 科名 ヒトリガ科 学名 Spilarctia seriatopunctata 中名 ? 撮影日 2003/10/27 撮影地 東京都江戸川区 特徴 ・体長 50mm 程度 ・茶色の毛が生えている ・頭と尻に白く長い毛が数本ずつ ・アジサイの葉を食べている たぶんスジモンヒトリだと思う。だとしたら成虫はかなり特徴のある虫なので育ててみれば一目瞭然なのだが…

---------------

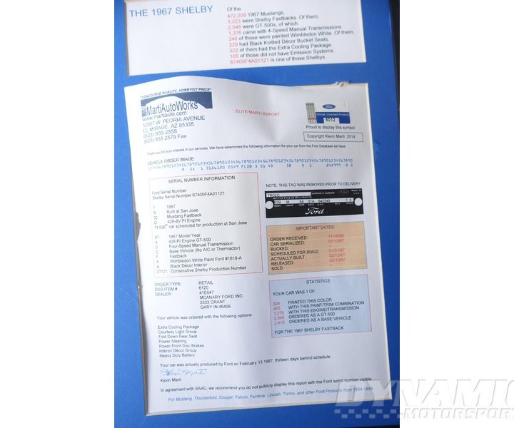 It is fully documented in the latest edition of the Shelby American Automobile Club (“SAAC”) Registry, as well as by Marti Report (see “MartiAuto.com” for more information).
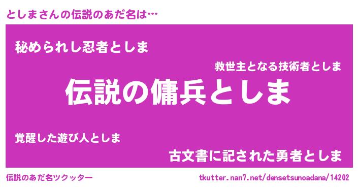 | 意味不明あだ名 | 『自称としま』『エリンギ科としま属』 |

---------------

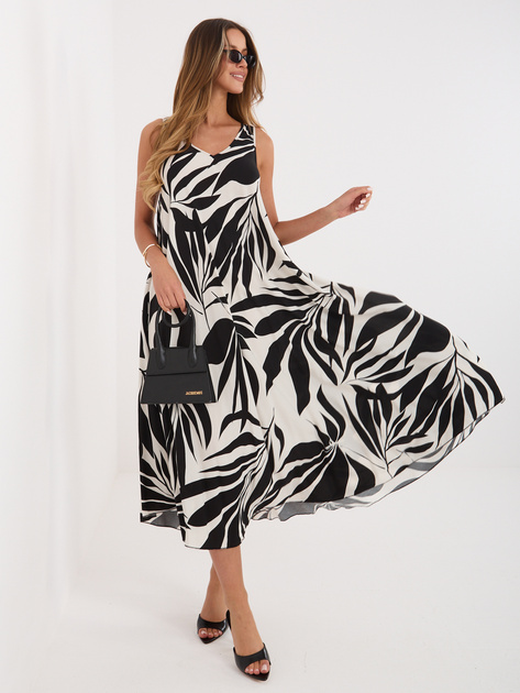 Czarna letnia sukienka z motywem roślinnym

---------------

## ASSIGNED TASK
Starting from the line with "It is fully" in the records above, repeat each line exactly until you have written the line with "意味不明あだ名 | 『自称としま』『エリンギ科としま属』 |", then stop; drop the pictures.

## TASK OUTPUT
 It is fully documented in the latest edition of the Shelby American Automobile Club (“SAAC”) Registry, as well as by Marti Report (see “MartiAuto.com” for more information).
 | 意味不明あだ名 | 『自称としま』『エリンギ科としま属』 |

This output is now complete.